Unassociated Document
UNITED STATES
SECURITIES AND EXCHANGE COMMISSION
WASHINGTON, DC 20549
______________

FORM 8-K

CURRENT REPORT
PURSUANT TO SECTION 13 OR 15(d) OF THE
SECURITIES EXCHANGE ACT OF 1934

Date of Report (Date of earliest event reported):  April 15, 2010

FREDERICK’S OF HOLLYWOOD GROUP INC.
(Exact Name of Registrant as Specified in Charter)

New York
 
1-5893
 
13-5651322
(State or Other Jurisdiction
of Incorporation)
 
(Commission
File Number)
 
(IRS Employer
Identification No.)


1115 Broadway, New York, New York
 
10010
(Address of Principal Executive Offices)
 
(Zip Code)

Registrant’s telephone number, including area code: (212) 798-4700

Not Applicable
(Former Name or Former Address, if Changed Since Last Report)
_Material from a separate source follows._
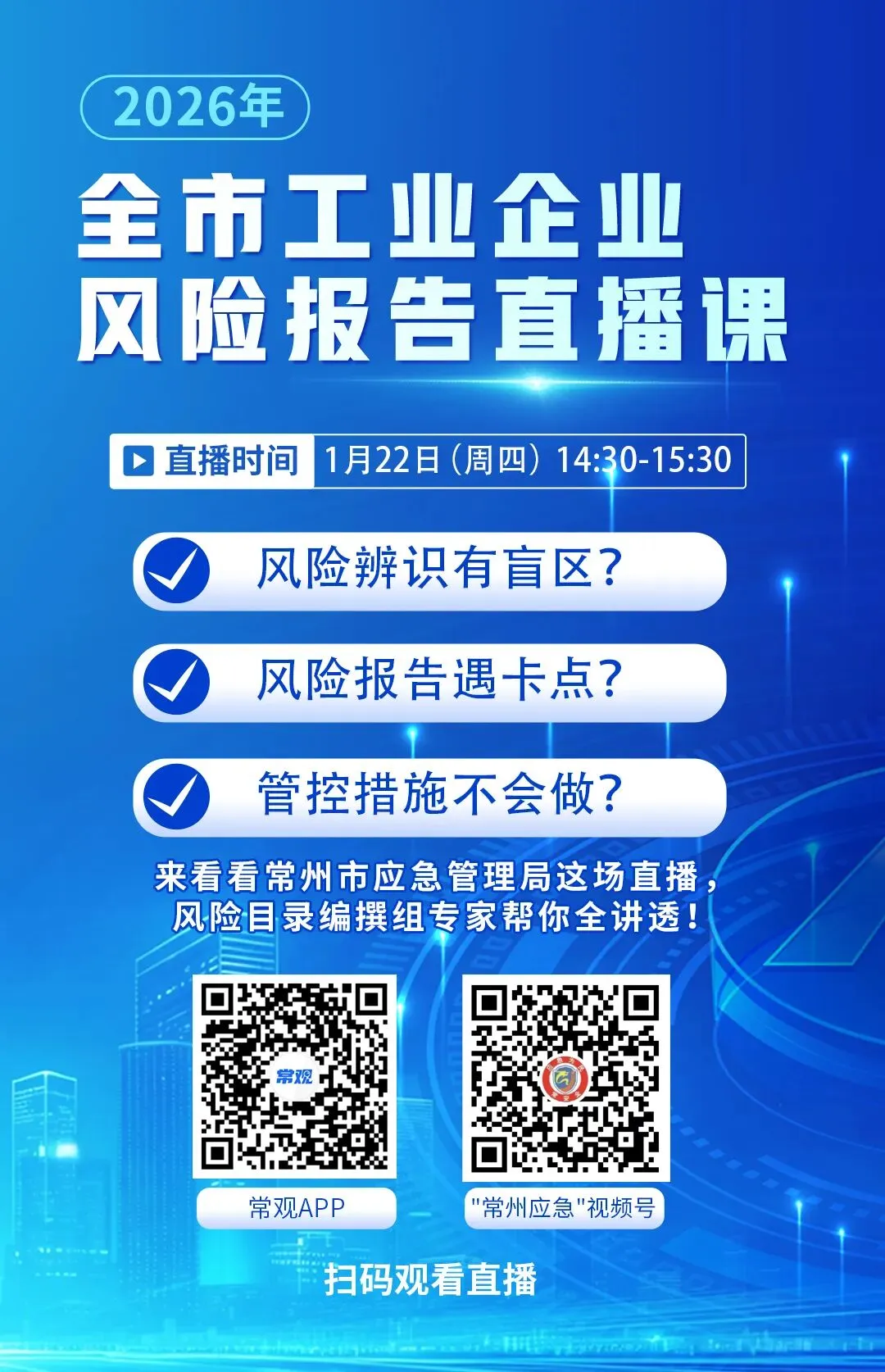 市应急管理局将于1月22日下午2点半,在“常州应急”视频号和“常观”APP直播2026年全市工业企业风险报告培训课,深入解读企业容易遗漏、容易忽视的较大以上风险,并提供风险防控措施。

Check the appropriate box below if the Form 8-K filing is intended to simultaneously satisfy the filing obligation of the registrant under any of the following provisions (see General Instruction A.2. below):

¨   Written communications pursuant to Rule 425 under the Securities Act (17 CFR 230.425)

¨   Soliciting material pursuant to Rule 14a-12 under the Exchange Act (17 CFR 240.14a-12)

¨   Pre-commencement communications pursuant to Rule 14d-2(b) under the Exchange Act (17 CFR 240.14d-2(b))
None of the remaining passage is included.